Aku beranjak, mengambil kunci motor dan menoleh ke arah Dhafa.
“Jadi kuliahnya pak Mario…?” aku mengejek.
Dhafa mengambil tasnya dan roti isi di atas meja, kemudian menyusulku ke garasi. Tempat favoritku saat ia tidak dirumah.
Sebenarnya hari ini Dhafa tidak ada jadwal kuliah, tetapi demi pujaan hatinya Dhafa rela menjadi penumpang gelap di kelas. Dengan sumringah Dhafa melangkah ke kelas kontras denganku yang berjalan dengan wajah cemberut dengan seribu masalah di otakku seakan akhir dari hidupku yang kudatangi.
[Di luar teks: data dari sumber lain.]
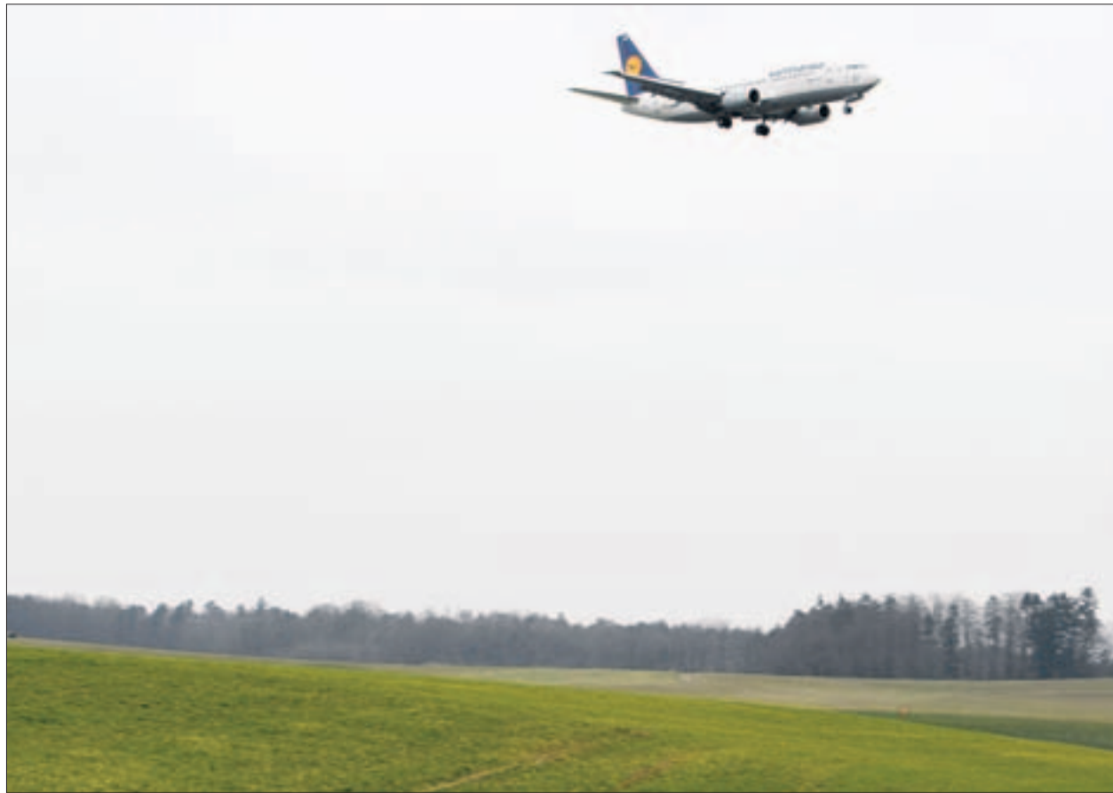
Rund um den Flughafen nur grüne Wiesen: Das würden der kantonale Richtplan und der ZFI gerne sehen. Dagegen, dass auf eingezontem Bauland nicht gebaut werden darf wegen des Fluglärms, wehrt sich Hanspeter Lienhart. (Sibylle Meier)

Das Unterland ist trotz des Fluglärms ein attraktives Wohngebiet. Wer hier wohnt, ist schnell in Winterthur oder Zürich. Ich bin nicht der Meinung, dass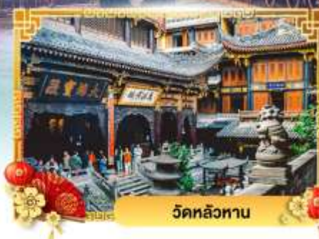
วัดหลัวหลาน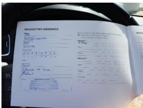
Fot. 23 Książka serwisowa (dane pojazdu)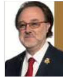
BEST SOMMELIER OF THE WORLD PHILIPPE FAURE-BRAC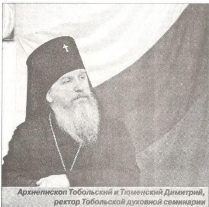
Архиепископ Тобольский и Тюменский Димитрий, ректор Тобольской духовной семинарии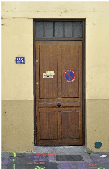
Vue rapprochée de la porte IVR82_20156900961NUCA

Akhirnya yang ditunggu datang juga dan kelas dimulai. Dosen yang cantik dimakan usia dengan kebiasaannya memakan manusia mulai berceramah didepan kelas. Seperti biasa, beliau menjelaskan seakan-akan rencananya kali ini akan berhasil mengusir tentara Israel dari Palestina tapi bagiku beliau seperti bercengkrama dengan papan tulis dan spidol hitam seakan sudah beberapa tahun mereka tidak bertemu dan sekarang papan tulis dan spidol telah menikah dan mempunyai anak.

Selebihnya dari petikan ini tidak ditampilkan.